A from-scratch model of a hypothetical mass-transit network for the Dallas–Fort Worth metroplex — a Fort Worth subway core plus commuter rail, BRT, and the existing systems across the wider metroplex. It's a single source-of-truth database that drives an interactive map, demand scoring, a trip planner, and time-series build-out visuals.
Speculative urbanism, not an official plan. Geometry and phasing are the author's own; demand figures use real Census + LODES data where noted.
Every line in the model is checked against four rules:
- Commuter rail follows existing rail lines.
- Minimize tunnels under rivers where possible.
- Metro follows existing right-of-way (ROW) when possible.
- BRT only follows existing ROW.
The network lives in four CSV tables (db/) that are the single source of
truth — edit a year_opens cell, re-run the build, and every artifact updates:
| Table | Rows | What it holds |
|---|---|---|
stations.csv |
536 | id, name, mode, lat/lon, year_opens, activity (pop+jobs within 1 km), serving lines |
lines.csv |
44 | line id, name, mode, color |
station_lines.csv |
686 | line ↔ station membership + stop order |
segments.csv |
613 | geometry (WKT LINESTRING) between adjacent stations, with per-line open years |
From those tables, the pipeline (data/build_*.ps1 + two C# engines) generates:
maps/FW_map_interactive.html— a Leaflet map rendered entirely from the DB.- Time-series build-out maps (
maps/FW_timeseries_P*.{png,svg}) — the network growing over time. - A demand engine (
data/DemandEngine.cs) — scores stations by population + jobs accessibility (2020 Census + 2022 LODES). - A road/ROW router (
data/RoadRouter.cs,data/build_rail_router.ps1) — snaps lines to existing rail/road right-of-way per the routing rules. - A trip planner (
data/plan_trip.ps1,data/route_graph.json). - Audits & validation (
data/audit_*.ps1,validate_network.ps1) — ROW conformance, river crossings, orphan segments.
db/ the 4 source-of-truth tables (+ geojson exports) ← edit here
data/ build_*.ps1 generators, DemandEngine.cs / RoadRouter.cs, source data
maps/ generated visuals: interactive map, time-series, Phase One review
reports/ analysis notes (DESIGN_STANDARDS, DEMAND_ENGINE, TRIP_PLANNER, audits)

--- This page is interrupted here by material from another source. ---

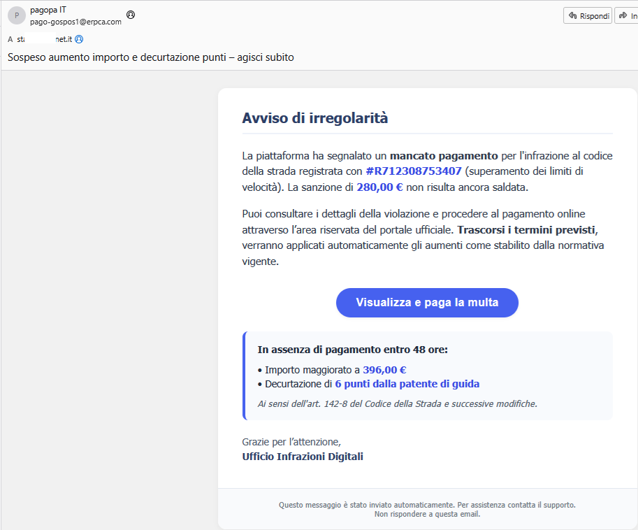 | Tecnica | Urgency phishing + brand spoofing (PagoPA + Ufficio Infrazioni) |

edit/ editable line geometry (geojson + kml)
refs/ README pointing to the design-standard source PDFs (the PDFs themselves
are not redistributed — see below)
Start with reports/FW_PhaseOne_Review.md for a
worked analysis pass, and db/README.md for the data model.
- US Census Bureau — 2020 Decennial (block-group centers of population), 2022 LEHD LODES (origin-destination + jobs). Public domain.
- OpenStreetMap — road/rail right-of-way extracts. © OpenStreetMap contributors, licensed under the ODbL.
To keep it lean and avoid redistributing third-party material, .gitignore omits:
refs/*.pdf— copyrighted design standards (TCRP, ITDP BRT Standard, TxDOT specs, FRA superelevation).refs/README.mdlists each document and a free download source.- Large raw geodata — the multi-megabyte OSM network extracts and Census LODES
files (
data/dfw_arterials.json,data/tx_od.csv.gz, etc.). They're reproducible from the sources above; the curateddb/tables and smaller derived data remain.
PowerShell · C# · Leaflet · CSV/GeoJSON/WKT · Census + LODES + OSM data.
MIT — covers the original code and the author's network data, not the third-party datasets or reference documents it draws on.